Indigenous Voice to Parliament deal prevails against partisan trend

There was a rare moment of bipartisanship in Canberra on Wednesday as the major parties came together to pass a law clearing the way to hold this year’s Indigenous Voice to Parliament referendum.

A bill aimed at updating the rules or “machinery” for holding referendums in Australia cleared the Senate on Wednesday night as the wording of the question to be put to the Australian people was finalised.

“We are one step closer to the Voice referendum,” Minister for Indigenous Australians Linda Burney said.

“The Referendum Act hasn’t been used since 1999. We’re modernising it so it’s more like how federal elections are run, that means pre-poll and postal voting.

“Constitutional recognition through Voice will take Australia forward.”

Opposition Leader Peter Dutton did not follow through on a threat to oppose the legislation despite some urging from Coalition MPs, including Ross Cadell and Keith Pitt, who argued against any agreement unless both the ‘yes’ and ‘no’ campaigns received public funding.

(Staunch conservatives argue the referendum will not be fought on even ground because ‘woke’ corporations like international construction giant Lendlease will donate to the ‘yes’ campaign but not want to be associated with opponents.)

The Greens and members of the Senate crossbench, who had advocated changing procedures to allow people to enrol and vote on the day of the referendum and to lift restrictions on prisoners’ voting rights, were sidelined by the deal.

The government has instead agreed to distribute a pamphlet to Australians’ homes outlining the cases for both camps before the referendum, which is slated to be held by year’s end.

The mobile polling period for remote communities will be extended to 19 days and a greater number of identification methods will be accepted as part of a drive to increase voter turnout.

Outside Canberra, these may not seem like details needing to be hashed out in negotiations like those between Liberal Senator Jane Hume and Labor’s Don Farrell on Tuesday night.

But after the Nationals made an early move to officially oppose the Voice, which has become a target for some talking heads who say it makes no substantive change, there has been a real risk that even the procedural aspects of a referendum aimed at unity might be overwhelmed by partisan rancour.

As debate on the machinery of the referendum continued in the upper house, its 21-member working group was set to meet Ms Burney and Prime Minister Anthony Albanese before finalising the wording of the motion to be put to voters.

“We are so close to taking the next historic steps towards a successful ‘yes’ vote.

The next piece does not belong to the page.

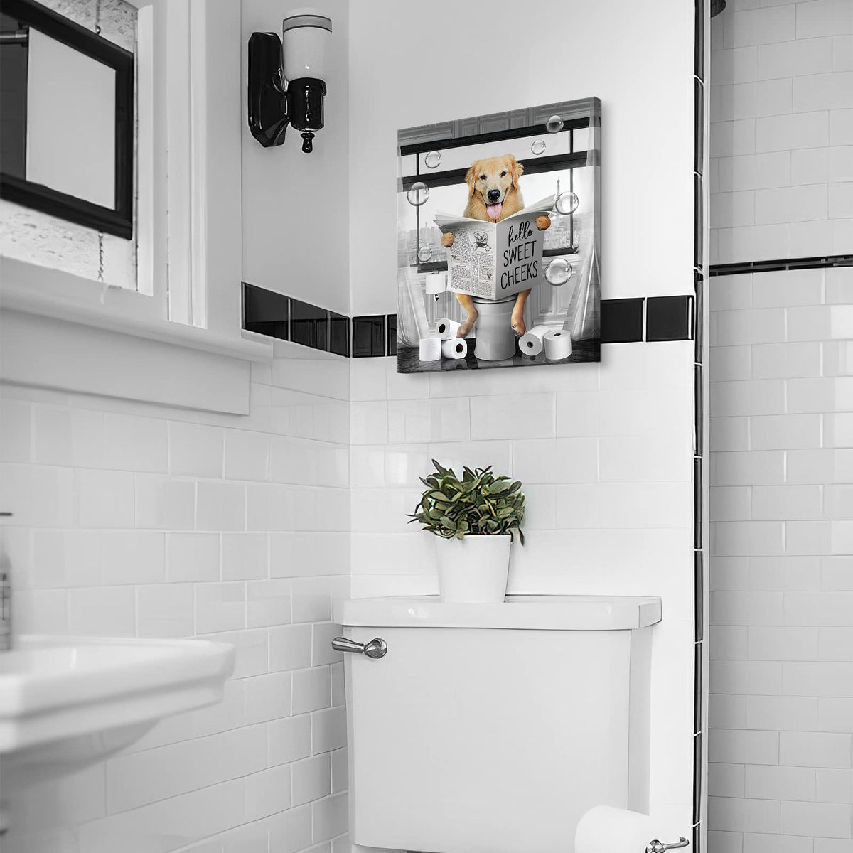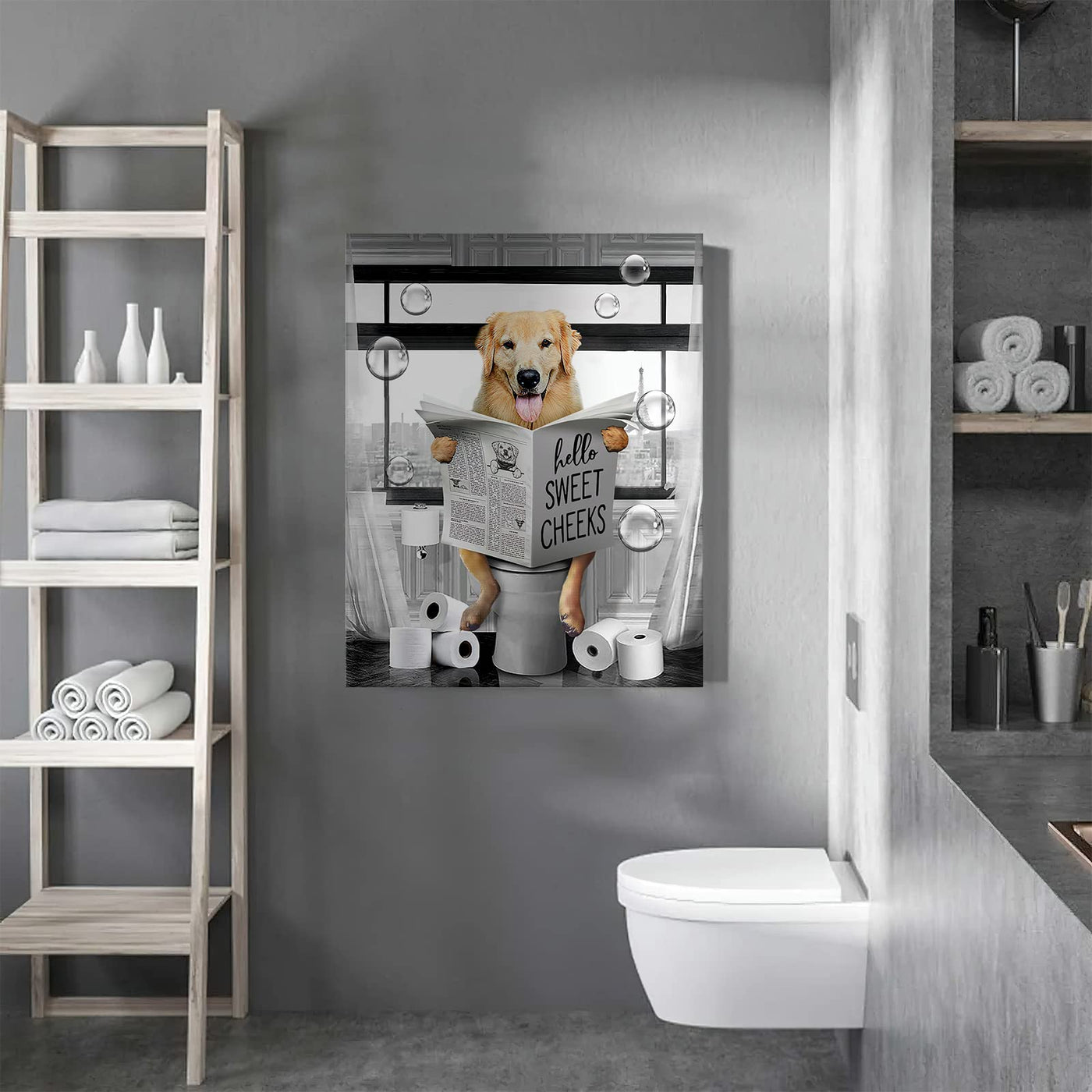 Funny Golden Retriever Wall Art Black And White Dog Bathroom Print Farmhouse Bathroom Animals Wall Decor Dog Sitting In Toilet R

We are putting the finishing touches on this historic change,” Professor Megan Davis said.

“So close to doing what grassroots communities across the country have asked for.”

Nationals Senator Jacinta Nampijinpa Price said the government should not presume Indigenous Australians would support the referendum as she led a delegation of protest.

“We’ve overcome segregation in our country, to then go ahead and put it in our founding document [… is] not right,” Senator Price said.

But Greens Senator Dorinda Cox said that recognition was not mutually exclusive to substantive change, but its forerunner.

“The only way we’re going to do that is actually secure a ‘yes’ vote in the Voice to Parliament,” Senator Cox said.

The referendum will be held in the second half of this year.